## To do
Reproduce each line of the material exactly, minus any picture.

## Dataset content
—————

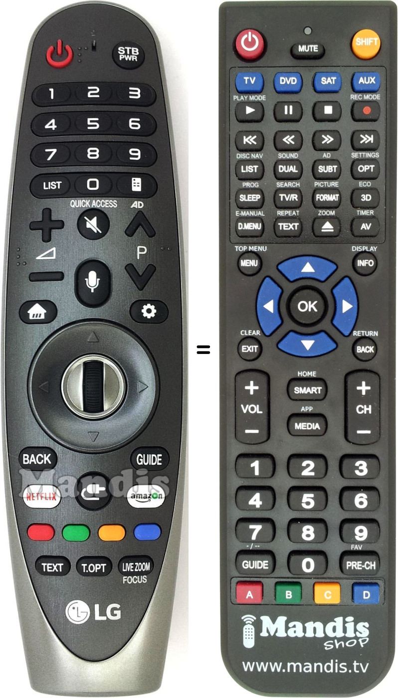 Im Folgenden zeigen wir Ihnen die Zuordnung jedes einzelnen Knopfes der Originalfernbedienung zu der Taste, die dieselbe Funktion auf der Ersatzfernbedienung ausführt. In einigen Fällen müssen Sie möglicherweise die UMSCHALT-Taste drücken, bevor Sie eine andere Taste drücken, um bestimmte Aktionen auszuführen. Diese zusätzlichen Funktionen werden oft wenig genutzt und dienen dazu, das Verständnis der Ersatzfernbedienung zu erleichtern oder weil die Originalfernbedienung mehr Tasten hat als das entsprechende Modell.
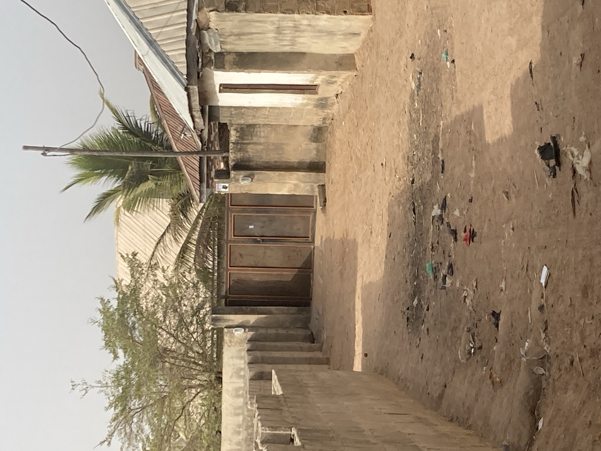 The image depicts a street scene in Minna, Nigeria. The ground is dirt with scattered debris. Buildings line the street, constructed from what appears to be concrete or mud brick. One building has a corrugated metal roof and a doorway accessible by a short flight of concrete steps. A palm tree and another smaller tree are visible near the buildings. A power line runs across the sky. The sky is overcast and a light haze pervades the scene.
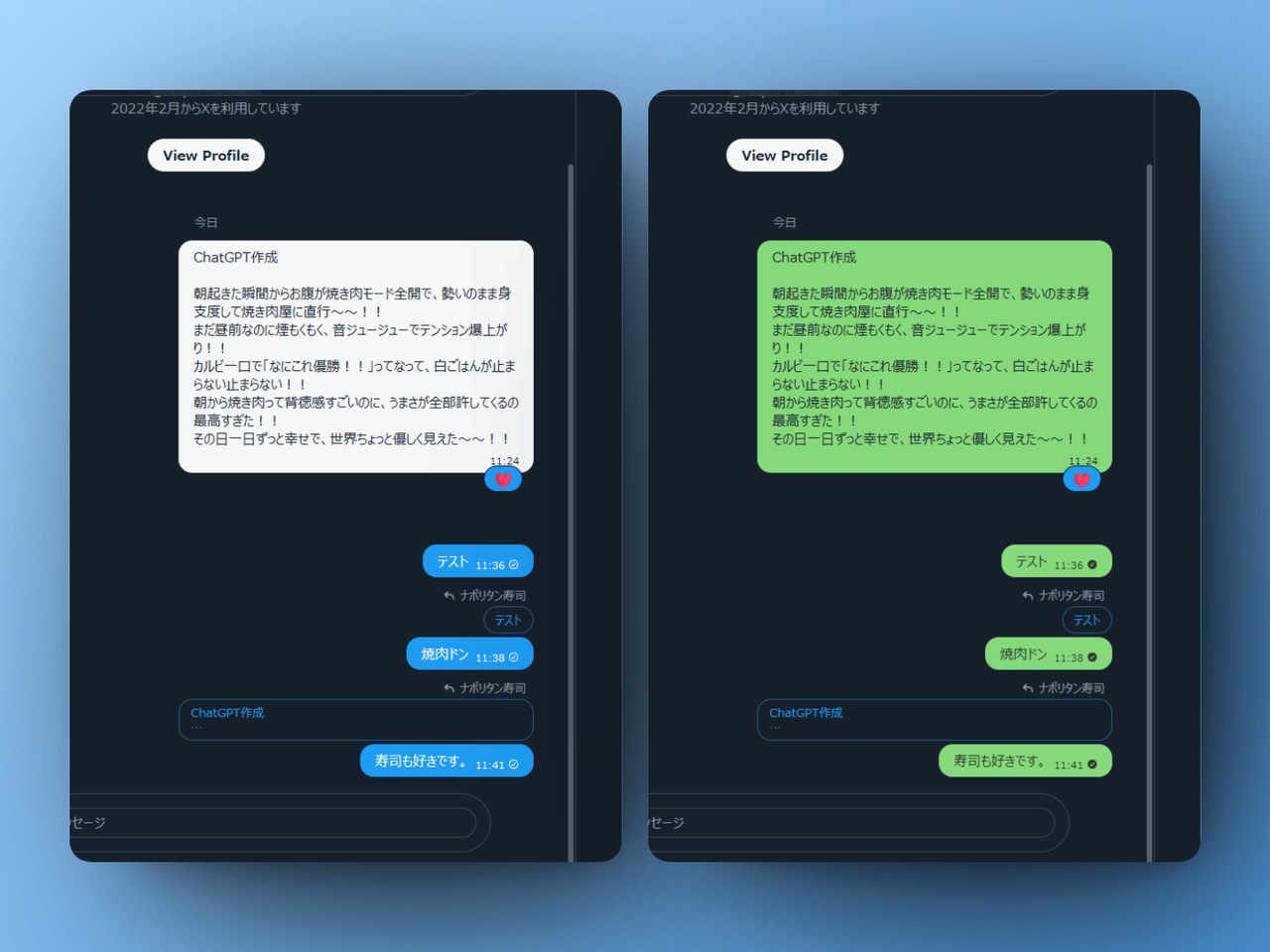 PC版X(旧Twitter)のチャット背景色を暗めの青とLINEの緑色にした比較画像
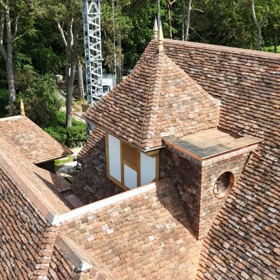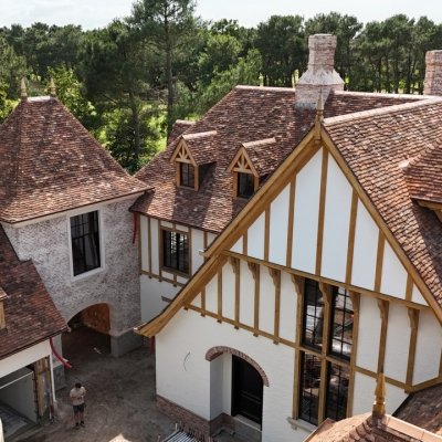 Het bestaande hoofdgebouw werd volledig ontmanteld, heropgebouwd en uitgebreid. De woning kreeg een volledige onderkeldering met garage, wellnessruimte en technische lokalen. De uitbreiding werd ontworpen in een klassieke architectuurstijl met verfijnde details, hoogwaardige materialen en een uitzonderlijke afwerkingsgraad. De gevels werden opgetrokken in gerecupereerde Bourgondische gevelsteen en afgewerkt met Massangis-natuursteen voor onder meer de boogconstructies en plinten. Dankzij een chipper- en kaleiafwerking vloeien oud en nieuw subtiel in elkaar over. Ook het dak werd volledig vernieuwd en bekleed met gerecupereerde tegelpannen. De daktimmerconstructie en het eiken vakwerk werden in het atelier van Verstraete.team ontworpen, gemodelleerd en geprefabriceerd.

—————

## Response area
 Im Folgenden zeigen wir Ihnen die Zuordnung jedes einzelnen Knopfes der Originalfernbedienung zu der Taste, die dieselbe Funktion auf der Ersatzfernbedienung ausführt. In einigen Fällen müssen Sie möglicherweise die UMSCHALT-Taste drücken, bevor Sie eine andere Taste drücken, um bestimmte Aktionen auszuführen. Diese zusätzlichen Funktionen werden oft wenig genutzt und dienen dazu, das Verständnis der Ersatzfernbedienung zu erleichtern oder weil die Originalfernbedienung mehr Tasten hat als das entsprechende Modell.
 The image depicts a street scene in Minna, Nigeria. The ground is dirt with scattered debris. Buildings line the street, constructed from what appears to be concrete or mud brick. One building has a corrugated metal roof and a doorway accessible by a short flight of concrete steps. A palm tree and another smaller tree are visible near the buildings. A power line runs across the sky. The sky is overcast and a light haze pervades the scene.
 PC版X(旧Twitter)のチャット背景色を暗めの青とLINEの緑色にした比較画像
 Het bestaande hoofdgebouw werd volledig ontmanteld, heropgebouwd en uitgebreid. De woning kreeg een volledige onderkeldering met garage, wellnessruimte en technische lokalen. De uitbreiding werd ontworpen in een klassieke architectuurstijl met verfijnde details, hoogwaardige materialen en een uitzonderlijke afwerkingsgraad. De gevels werden opgetrokken in gerecupereerde Bourgondische gevelsteen en afgewerkt met Massangis-natuursteen voor onder meer de boogconstructies en plinten. Dankzij een chipper- en kaleiafwerking vloeien oud en nieuw subtiel in elkaar over. Ook het dak werd volledig vernieuwd en bekleed met gerecupereerde tegelpannen. De daktimmerconstructie en het eiken vakwerk werden in het atelier van Verstraete.team ontworpen, gemodelleerd en geprefabriceerd.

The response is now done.